Diplomacy experts around the globe have raised the alarm that the world is dangerously close to a nuclear conflict.
The war in Ukraine and mounting tensions between China and the US have thrust nuclear responses to the forefront of the minds of citizens and politicians.
The study published in Nature did a situational analysis based on the number of nuclear weapons fired and what the impact on the climate and crop yields would be.
“Their analysis is showing something really critical to transmit: that nuclear winter is really, really bad,” Morgan Rivers of the nonprofit Alliance to Feed the Earth in Disasters told Science.
For its inclusion of changes in climate, crops, and fisheries, the new study is one of the most comprehensive to date and builds on past research from the Cold War era.
The researchers calculated the drop in calorie production across a range of key food groups in six different conflict scenarios.
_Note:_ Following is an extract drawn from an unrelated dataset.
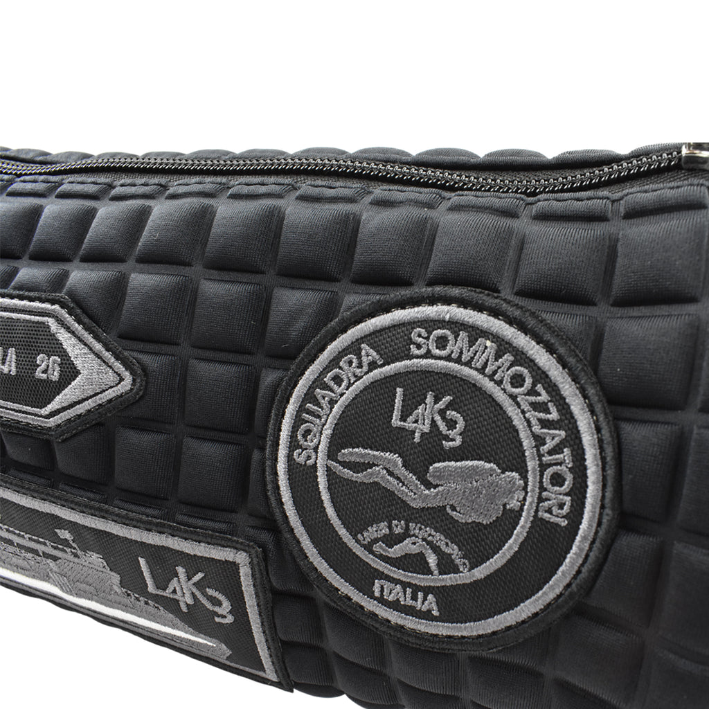 バッグの生地にはウェットスーツにもフレキシブルで丈夫なネオプレン素材を使用。

As the circumstances worsen and more weapons are fired, food commerce patterns like international trade are removed from the simulation.
The research team accounted for last-ditch efforts where humans would eat livestock feed to survive and found these responses would do little after a large-scale nuclear conflict.
A nuclear war between the United States and Russia was the most catastrophic scenario detailed in the study, where an estimated 400billion pounds of soot in the atmosphere cause a nuclear winter.
In this worst-case scenario, 360million people would die from the blasts and resulting famine and more than five billion would be without food two years later.
In 2021, President Biden extended an agreement with Russia that limits the number of long-range nuclear weapons each country can stockpile.
The upper limits of the agreement allow for both nations to carry 1,550 nuclear warheads, which the study notes is more than 90% of the world’s total arsenal.
Even though the study is just data points and analysis, it effectively paints a visceral picture of the world after a nuclear conflict.
Many are hoping geopolitical intensity will cool soon and leaders will take an organized step back from the brink.